Efficiency Gains and Environmental Trends

A notable finding is the dramatic improvement in environmental efficiency over a 12-month period. The median Gemini Apps prompt saw a 33x reduction in energy consumption and a 44x reduction in total emissions, driven by software optimizations, improved hardware utilization, clean energy procurement, and reductions in embodied emissions.

Figure 4: Median Gemini Apps text prompt emissions over time, showing a 47x reduction in Scope 2 MB emissions and a 36x reduction in Scope 1+3 emissions per prompt.

Key contributors to these gains include:

• Model architecture improvements (e.g., Mixture-of-Experts, efficient attention mechanisms)
• Quantization and distillation for serving-optimized models
• Speculative decoding and batch inference for higher hardware utilization
• Custom TPU hardware co-designed for energy efficiency
• Dynamic resource allocation to minimize idle energy
• Ultra-efficient data centers (fleet-wide PUE of 1.09)
• Aggressive clean energy procurement (30% reduction in MB emissions factor from 2023 to 2024)

Implications and Future Directions

The results demonstrate that comprehensive, in-situ measurement yields more accurate and actionable environmental metrics for AI serving.
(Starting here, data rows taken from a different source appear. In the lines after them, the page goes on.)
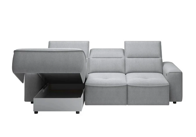 Luksusowy narożnik z pojemnikiem na pościel oraz elektrycznym wysuwem siedziska.
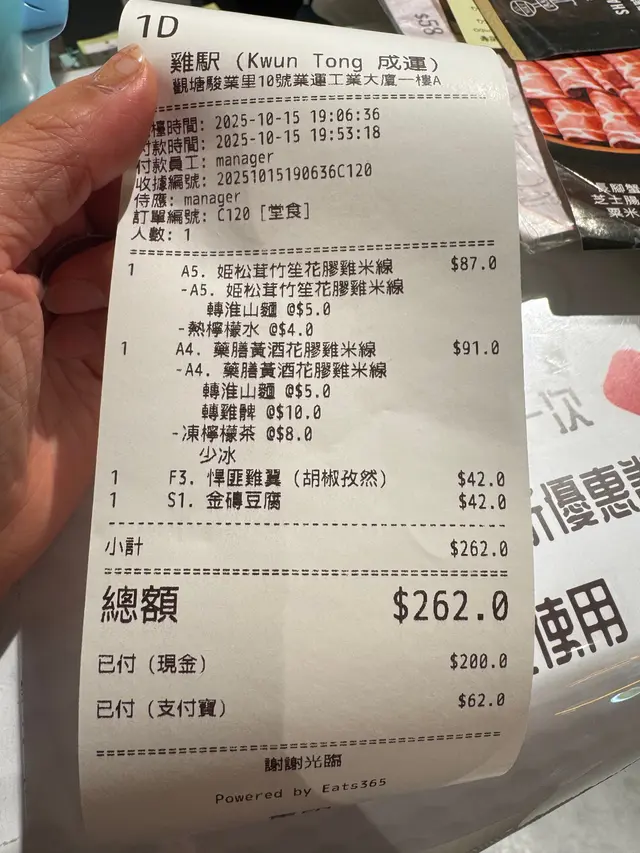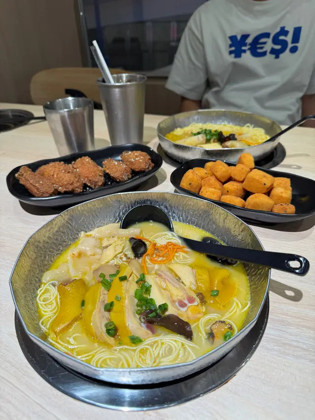 觀塘工廈隱世滋補湯麵 愛撞板女孩Level 42025-10-16113 views Follow ✨藏身觀塘工廈的暖心小店「雞駅」🐔以真材實料的花膠雞湯麵作主打,堅持每日用材料熬製無味精湯底,工業大廈內別有洞天,簡單裝修卻飄散著濃郁藥膳香,值得欣賞🤤 姫松茸竹笙花膠雞淮山麵$87🌟 姫松茸竹笙花膠雞淮山麵🍜湯底菌香濃郁,竹笙吸飽湯汁好入味👍🏽雞件多肉少皮健康之選😂淮山麵幼身滑溜👅藥膳黃酒花膠雞淮山麵$91🌟 藥膳黃酒花膠雞淮山麵🍜建議加$10轉左雞髀🍗雞肉嫩滑啖啖肉,藥膳溫補養生,黃酒香氣湯底濃郁,花膠滑溜中帶膠質黏唇😍悍匪雞翼$42🌟 悍匪雞翼🍗撒滿胡椒孜然,雞肉外酥內嫩,大大隻好有口感金磚豆腐$42🌟 金磚豆腐即叫即做熱辣辣,外脆內嫩,咬開豆腐軟滑感好吸引,一粒接一粒🫦💫最好呢間小店就係消費滿$200可以玩夾公仔機🧸好好彩夾一次就成功左🏅😜另外現場仲有羅漢果茶免費飲用,好貼心的小店💕311The above review is the personal opinion of a user which does not represent OpenRice's point of view.LikeShare觀塘工廈隱世滋補湯麵 雞駅花膠雞米線專門店 https://s.openrice.com/QrKT0y6cl00Report Post Ratings4Taste4Decor4Service4Hygiene4ValueRecommended Dishes藥膳黃酒花膠雞淮山麵$91悍匪雞翼$42金磚豆腐$42Date of Visit2025-10-15Dining MethodDine InSpending Per Head$130 (Dinner)
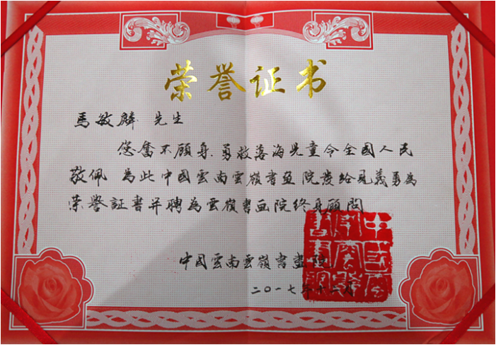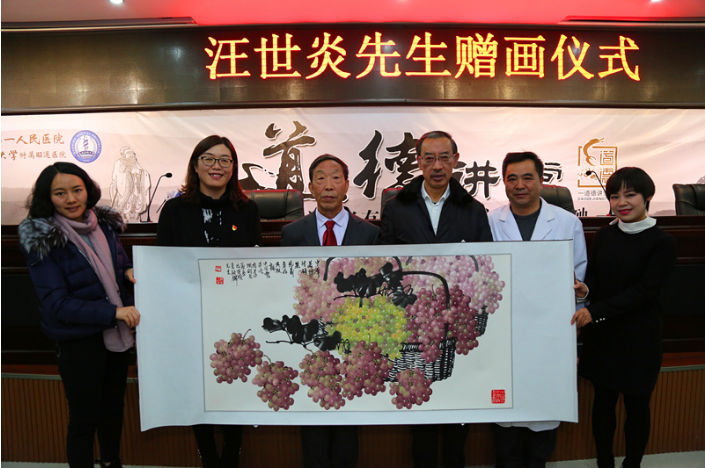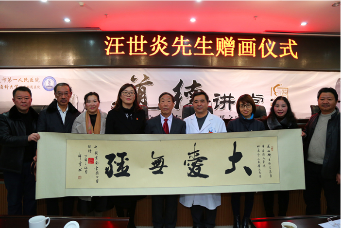 报告会最后,云南云岭书画院院长、中国书法家协会会员,中国书法家协会理事,世界遗产杯金奖获得者汪世炎先生为医院及马敏麟同志赠画,并颁发证书。
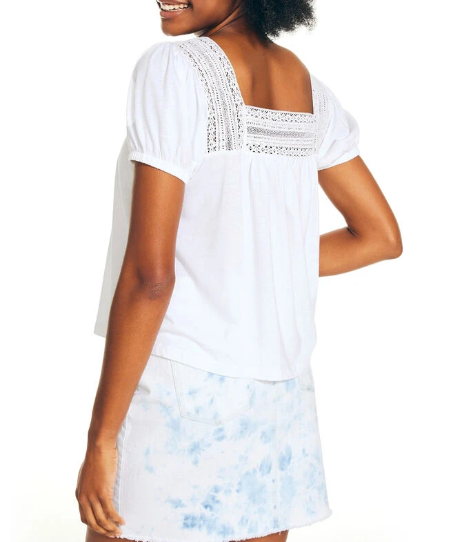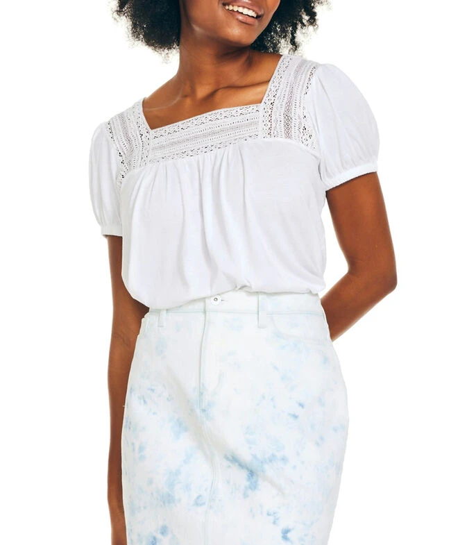 Blusa Nautica de corte recto en tejido de punto con encajes tonales sobre escote y espalda. El complemento ideal para ese estilo que quieres proyectar.
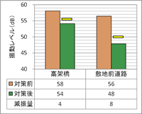 4Hzの振動を約5dB、12.5~20Hzの振動を約10dB低減。居住性に影響がない振動となった。
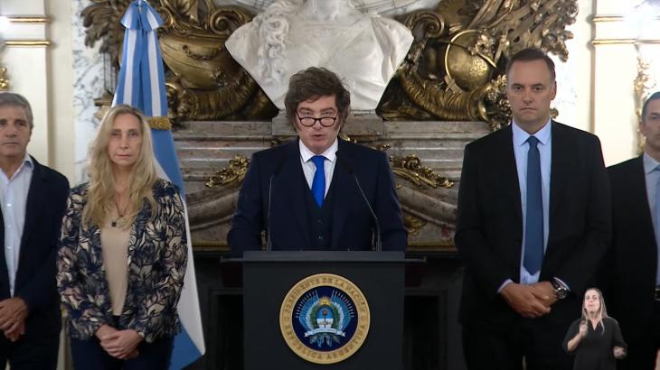 En un mensaje grabado desde el Salón Blanco de la Casa Rosada, el presidente Javier Milei utilizó una figura literaria para describir la situación que enfrentaban las cuentas públicas: la "espada de Damocles". Según el mandatario, esta amenaza financiera era el resultado de decisiones tomadas por administraciones anteriores que pusieron en riesgo la estabilidad del país.

The findings challenge prevailing estimates and highlight the necessity of standardized measurement boundaries for cross-provider comparability and effective optimization. The methodology enables identification of efficiency hotspots and incentivizes improvements across the full serving stack, not just model or hardware design.

Theoretical implications include the need to revisit lifecycle analyses of AI systems, incorporating operational realities of large-scale deployment. Practically, the approach provides a template for other providers to adopt, facilitating industry-wide transparency and accountability. Future work should extend comprehensive measurement to training workloads, integrate site-specific normalization for water and emissions, and explore further hardware-software co-design for environmental optimization.

Conclusion

This paper establishes a comprehensive framework for measuring the environmental impact of AI inference at production scale, revealing that existing, narrow approaches substantially underestimate true costs. For Gemini Apps, the median prompt's energy, emissions, and water usage are lower than previously reported, attributable to efficient serving practices and holistic measurement. The work underscores the importance of standardized, full-stack metrics for driving environmental efficiency in AI deployment and advocates for their widespread adoption as AI continues to scale globally.